-- Opening Marker --

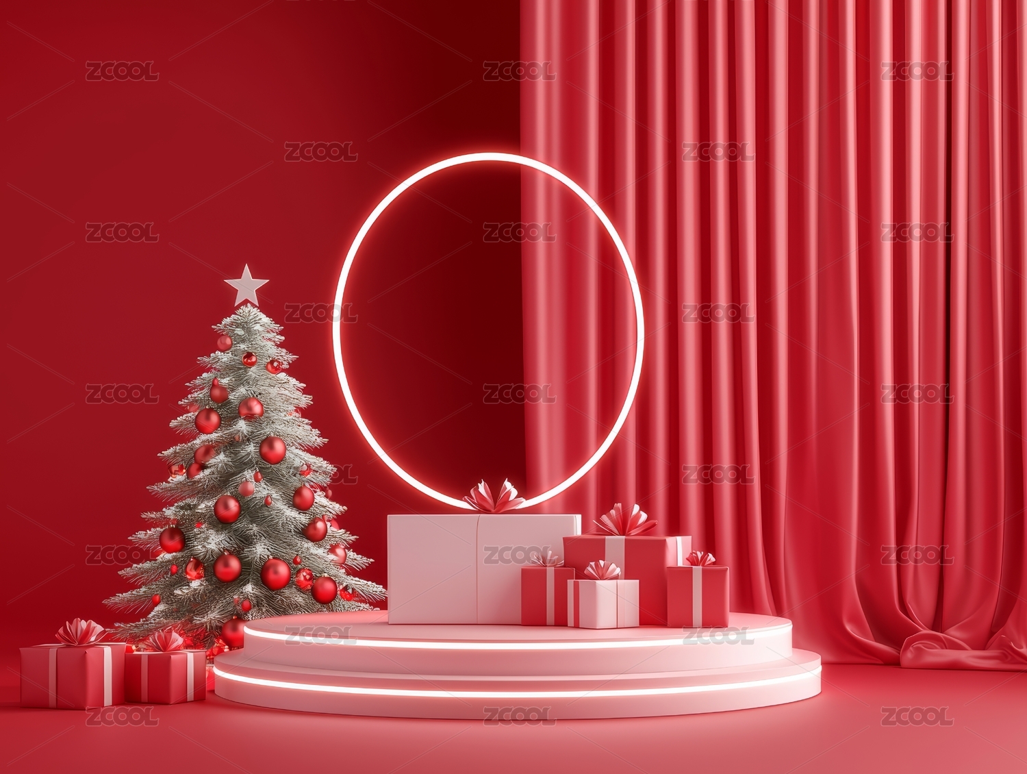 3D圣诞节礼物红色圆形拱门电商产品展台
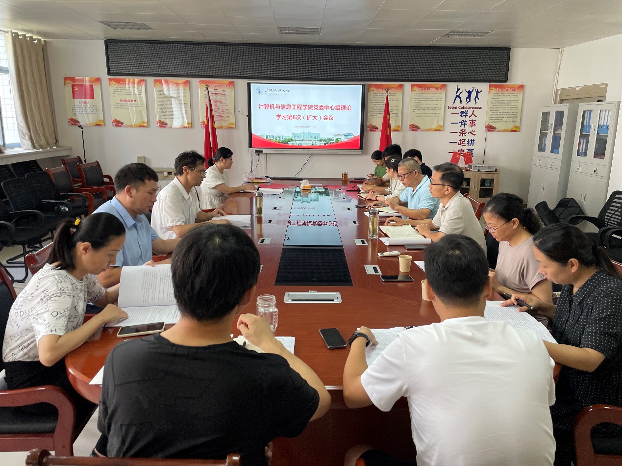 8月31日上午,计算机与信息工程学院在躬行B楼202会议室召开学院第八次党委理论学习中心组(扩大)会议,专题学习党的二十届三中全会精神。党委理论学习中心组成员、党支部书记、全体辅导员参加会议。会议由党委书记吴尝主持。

-- Closing Marker --
-- Opening Marker --

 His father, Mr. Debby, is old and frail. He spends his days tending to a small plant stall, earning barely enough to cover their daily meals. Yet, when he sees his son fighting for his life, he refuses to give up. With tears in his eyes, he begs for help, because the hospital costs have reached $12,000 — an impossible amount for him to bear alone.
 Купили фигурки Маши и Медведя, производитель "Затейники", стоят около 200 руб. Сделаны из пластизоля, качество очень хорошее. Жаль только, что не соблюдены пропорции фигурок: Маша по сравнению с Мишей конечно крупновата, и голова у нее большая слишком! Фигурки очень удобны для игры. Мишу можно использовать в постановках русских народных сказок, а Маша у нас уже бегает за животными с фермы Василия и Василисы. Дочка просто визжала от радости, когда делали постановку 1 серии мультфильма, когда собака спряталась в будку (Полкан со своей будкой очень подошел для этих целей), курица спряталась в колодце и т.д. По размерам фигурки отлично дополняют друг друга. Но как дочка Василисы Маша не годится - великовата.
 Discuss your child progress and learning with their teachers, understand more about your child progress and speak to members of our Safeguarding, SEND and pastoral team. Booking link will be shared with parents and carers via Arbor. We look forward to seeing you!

-- Closing Marker --

Task requirements:
Gather each line of the listing containing the word "their" and show it.

Problem solution:
 His father, Mr. Debby, is old and frail. He spends his days tending to a small plant stall, earning barely enough to cover their daily meals. Yet, when he sees his son fighting for his life, he refuses to give up. With tears in his eyes, he begs for help, because the hospital costs have reached $12,000 — an impossible amount for him to bear alone.
 Discuss your child progress and learning with their teachers, understand more about your child progress and speak to members of our Safeguarding, SEND and pastoral team. Booking link will be shared with parents and carers via Arbor. We look forward to seeing you!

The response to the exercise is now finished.